To evaluate whether retinal axons filled the entire SC despite
topographic mapping errors, a rhodamine- or fluorescein-labeled cholera
toxin subunit was injected into the eyes of wild-type and L1 mutant
mice at P10-P14, when the retinotopic map was mature, to anterogradely
label RGCs throughout the retina and to observe their contralateral
projections. Analysis of whole mounts of five wild-type colliculi
showed that contralateral projections of wild-type RGC axons filled the
entire SC but did not label the IC (Fig. 3A). Whole mounts of four L1
mutant colliculi showed that contralateral projections of L1-minus RGC
axons filled most of the SC with little labeling in the IC (Fig.

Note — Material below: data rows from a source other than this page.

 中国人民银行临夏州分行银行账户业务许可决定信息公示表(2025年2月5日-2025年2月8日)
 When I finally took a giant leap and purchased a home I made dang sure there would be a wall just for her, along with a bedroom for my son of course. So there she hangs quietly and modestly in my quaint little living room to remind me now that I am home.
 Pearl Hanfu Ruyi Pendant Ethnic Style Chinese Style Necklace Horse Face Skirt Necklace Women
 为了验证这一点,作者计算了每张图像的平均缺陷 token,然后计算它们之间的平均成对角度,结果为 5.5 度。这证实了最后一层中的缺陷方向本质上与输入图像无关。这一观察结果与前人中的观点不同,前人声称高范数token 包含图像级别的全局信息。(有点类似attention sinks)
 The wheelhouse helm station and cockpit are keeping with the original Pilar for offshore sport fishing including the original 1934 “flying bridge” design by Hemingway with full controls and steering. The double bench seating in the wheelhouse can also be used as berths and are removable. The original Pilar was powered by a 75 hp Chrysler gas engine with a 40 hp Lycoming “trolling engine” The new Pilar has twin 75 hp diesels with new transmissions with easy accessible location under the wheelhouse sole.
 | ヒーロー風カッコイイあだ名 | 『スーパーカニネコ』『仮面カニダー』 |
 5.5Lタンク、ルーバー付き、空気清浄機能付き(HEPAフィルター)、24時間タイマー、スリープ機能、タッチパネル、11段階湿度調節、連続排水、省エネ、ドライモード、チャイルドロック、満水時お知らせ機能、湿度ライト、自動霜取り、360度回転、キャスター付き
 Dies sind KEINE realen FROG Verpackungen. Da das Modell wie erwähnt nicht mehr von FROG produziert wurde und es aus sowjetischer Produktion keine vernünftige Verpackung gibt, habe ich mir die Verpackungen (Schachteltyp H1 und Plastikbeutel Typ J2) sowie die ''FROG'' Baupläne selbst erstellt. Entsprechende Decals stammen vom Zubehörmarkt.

3B). In all L1 mutants, gaps were seen in the anterior SC
that varied in their position among individuals and between hemispheres
of the same animal, as shown in Figure 3B. The smaller gap
near the center of both wild-type and mutant SC probably represented
the injection site. At high magnification, some RGC axons of L1 mutant
mice were seen to extend beyond the posterior border of the SC into the
IC (Fig. 3C), but most axons were confined to the SC. In
contrast-labeled axons of wild-type mice were not seen in the IC when
observed by high magnification. These results suggested that most RGC
axons of L1 mutant mice finally mapped to contralateral sites targeting
the posterior SC and much of the anterior SC, whereas only a few axons
were present in the IC. In the absence of L1, the mature retinotopic map appeared to have gaps in the anterior SC, perhaps because of
insufficient remodeling of axons to occupy sites left vacant by
posteriorly migrating temporal axons.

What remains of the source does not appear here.